When reformers in 2009 concluded that the way to prevent future crises is to muzzle the big, bad banks, they went after what they thought was the “baddest” thing big banks did:  trading OTC derivatives. As is often the case with crisis cures, this remedy has significant, potentially-lethal side-effects: the solution to big-bank OTC books was a few derivatives powerhouses designed to be big, but not bad because of the new, presumably-stringent regulatory framework to be established at the same time for financial market utilities (FMUs).  In a report yesterday, we pointed to BNY Mellon’s latest operational risk as a stark reminder of how quickly bad things can happen in the global payment, settlement, and clearing systems.  BNY’s problems passed without systemic consequences, but that’s in part because it’s a very big bank and counterparties assumed – rightly – that it would straighten out its $1.6 trillion or so in payments.  Would counterparties rest quietly if a non-bank FMU faltered, or – far more frightening – failed due to fragile operational infrastructure or illiquidity?  U. S. legislation is pending to roll back what little FMU regulation there is – a potentially strong contender for quick action if careful thought is not given to the components of critical infrastructure and what’s needed to ensure it’s there when wanted.
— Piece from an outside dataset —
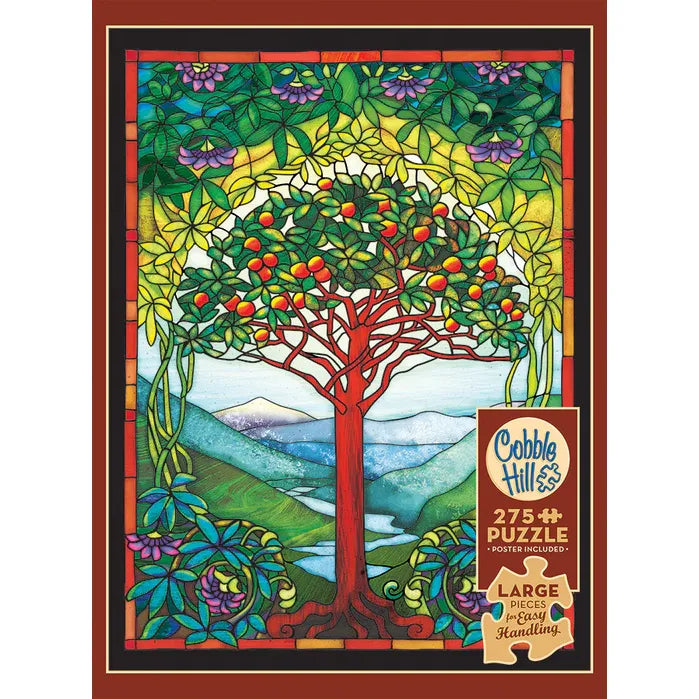 Tree of Life Stained Glass is a Cobble Hill Creations illustrated replica of Louis Comfort Tiffany's artwork. An Easy Handling 275 piece art nouveau delight with large pieces.

As we lay out in this new report, a little-noticed provision in the Hensarling “Financial Choice Act” would apply the same deregulatory brush to FMUs also deployed for U.S. SIFIs.  As other FedFin reports have detailed, the Choice legislation essentially repeals all of the SIFI sections of Dodd-Frank, freeing non-banks from FSOC’s thrall and replacing pretty much all of the BHC rules with a ten percent leverage-capital requirement.  The legislation also sharply curtails the FRB’s emergency-liquidity powers in Section 13(3).

In concert with repealing SIFI designations (found in Dodd-Frank’s Title I), the Hensarling package also repeals the FMU designation authority in Title VIII.  With Title VIII repeal would come an end to statutory access to the FRB for designated FMUs.  Alongside broader 13(3) restrictions, these changes essentially leave FMUs unregulated as well as high and dry in a liquidity crisis. 

If all of this were enacted, we would get non-banks without much prudential regulation, large BHCs under a leverage rule that forces them out of capital-intensive businesses such as settlement and clearing, and non-bank payment, settlement, and clearing providers left to the devices of the SEC and CFTC (agencies will little prudential power and a lot less appetite to use it under the Trump Administration).  Banks will hunker down, non-bank FMUs will prosper, and in the businesses banks leave that non-banks eschew, critical parts of the U.S. financial infrastructure will be served – if at all – at great risk.

A clear case in point described in our new report is the government-securities settlement business.  This is a low-margin, high-volume, operationally-intense business conducted by fewer and fewer big banks until, as of this summer, just one big one was left in this globally-critical arena:  BNY Mellon.  The problem in the government securities settlement market isn’t BNY Mellon’s occasional operational problems.  They are of course worrisome, but a far worse one results when one institution stands at the vortex of trillions of dollars in global financial transactions on which everything up to and including the sanctity of U.S. sovereign debt depends.

The unintended impact of these new rules is transformation of the operational infrastructure on which financial stability depends at least as much as it does on solvent banking organizations.  Indeed, as I’ve testified before Congress, all the capital in all the world at the very biggest banks is for naught if critical systems fail due to lax procedures or – now far more likely – external attack.  Indeed, more operational risk-based capital – at least as currently formulated – has the perverse effect of increasing operational risk because the capital rules include strong disincentives for costly operational-risk mitigation.

With banks either out of key FMU operations or in them at greater risk due to far less competition, who will keep the lights on?  For government-securities settlement, the FRB once contemplated creating a new mega-bank utility – an idea that didn’t take off in 2005 and is doomed now under all the new rules and Congressional opposition.  For Treasury repos, the Fed has contemplated a new CCP – an idea that has yet to be realized and, even if it now advances, would pose significant risks in the absence of any U.S. authority over a new non-bank FMU of this size and criticality.  For payments, we’re already seeing numerous non-bank entities provide what Dan Tarullo recently called “shadow” retail payment products at worrisome risk, with blockchain and other technologies laying pipe to take over the wholesale side of the business.  CCPs are of course now vital links to derivatives clearing, although their regulatory and resolution infrastructure is, to be polite, still incomplete.

Each of these solutions to weaknesses in a critical payment, settlement, or clearing system is totally ad hoc and thus dangerous on its own.  The broader prospect of full-bore deregulation of FMUs in a framework that still strangles GSIBs may be intentional, but it’s even more threatening to financial stability.  We need quickly to contemplate critical financial infrastructure, understand its regulatory and economic structure, decide what risks result, and then ensure that nothing done in the name of reform wreaks havoc.